Read .planning/campaigns/ for files with Status: active or status: active in frontmatter
Read .planning/fleet/ for session files with status: active or needs-continue
Review-package campaigns: if the campaign status is needs-review-package or its review-package Exit Evidence row is pending while prior phases are complete, route to node scripts/package-delivery.js <slug> before Archon.
Improve campaigns (type: improve): if the active campaign has type: improve in frontmatter, route to /improve {target} --continue where {target} is the campaign's target field.

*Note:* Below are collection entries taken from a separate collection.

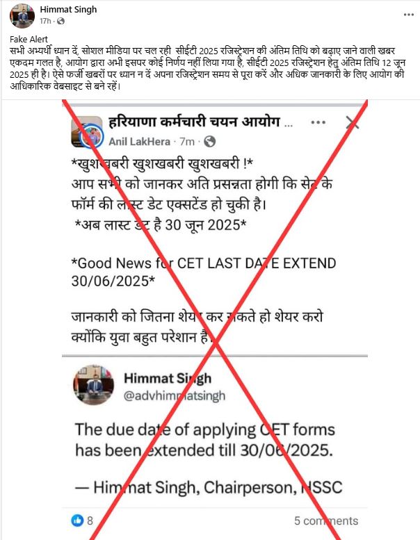 हरियाणा 12 जून 2025 : हरियाणा में CET के लिए रजिस्ट्रेशन प्रक्रिया चल रही है। कॉमन एलिजिबिलिटी टेस्ट (सीईटी) रजिस्ट्रेशन का आज अंतिम दिन है। आज रात 12 बजे तक युवा अप्लाई कर पाएंगे। इसके बाद 14 जून तक कैंडिडेट्स फीस जमा करवा सकते हैं। अब साइबर ठगों ने सीईटी के लिए फर्जी पोर्टल के बाद सोशल मीडिया पर फर्जी पेज बनाने शुरू कर दिए हैं। साथ ही इन पेजों पर अफवाह फैलाई जा रही है कि CET रजिस्ट्रेशन के लिए डेट बढ़ा दी गई है।
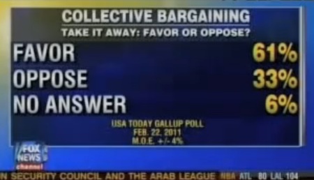 This wasn’t even the first statewide poll on the subject, and the earlier poll showed 74% opposed to ending collective bargaining. Despite transparent methodology, many chose to ignore the poll because it was commissioned by a union. Then, the Gallup poll came along and largely confirmed those results. Could Fox & Friends have missed both of those polls? Certainly, but at that point, it becomes difficult to decide which is worse, ignorance or dishonesty.
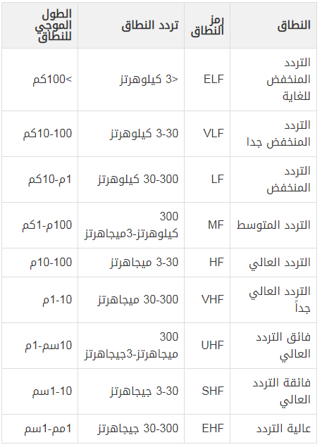 بحسب الإدارة الوطنية للإتصالات والمعلومات فإن موجات الراديو تقع ضمن 9 نطاقات رئيسية هي:
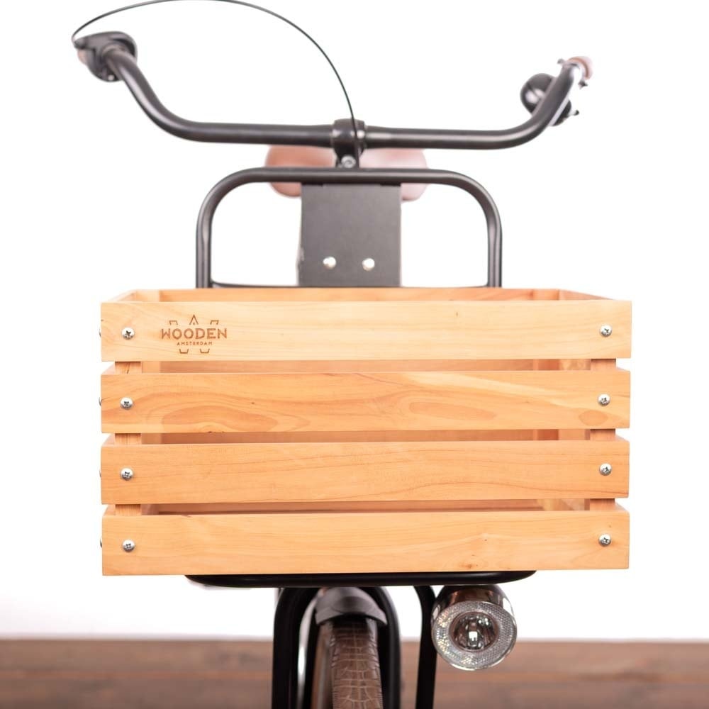 Een mooie houten fietskrat van het merk Wooden Amsterdam. De stevige, grote krat is gemaakt van duurzaam geproduceerd perenhout en gaat lang mee.

Do NOT route improve campaigns to archon -- improve is its own orchestrator.
If input scope matches a non-improve active campaign → /archon continue
If fleet session needs continuation → /fleet continue
If input mentions a campaign by name → resume it (check type field for routing)
If input is "continue" but NO active campaign or fleet session found:
- Output: "No active campaign or fleet session found. Nothing to continue."
- If .planning/daemon.json exists with status: "running": the daemon spawned this session but there's no work to do. Update daemon.json: status: "stopped", stopReason: "no-active-work", stoppedAt: "{ISO timestamp}". Delete both triggers if IDs are present. Output: "[daemon] Stopped -- no active campaign found. The work is done."
- Exit. Do NOT fall through to Tier 2 or 3.

If matched → resume the active work. Done.

Tier 2: Skill Keyword Match (Cost: ~0 tokens | Latency: <10ms)

Match input against installed skill keywords from Citadel's built-in skills and any project-level custom skills in .claude/skills/.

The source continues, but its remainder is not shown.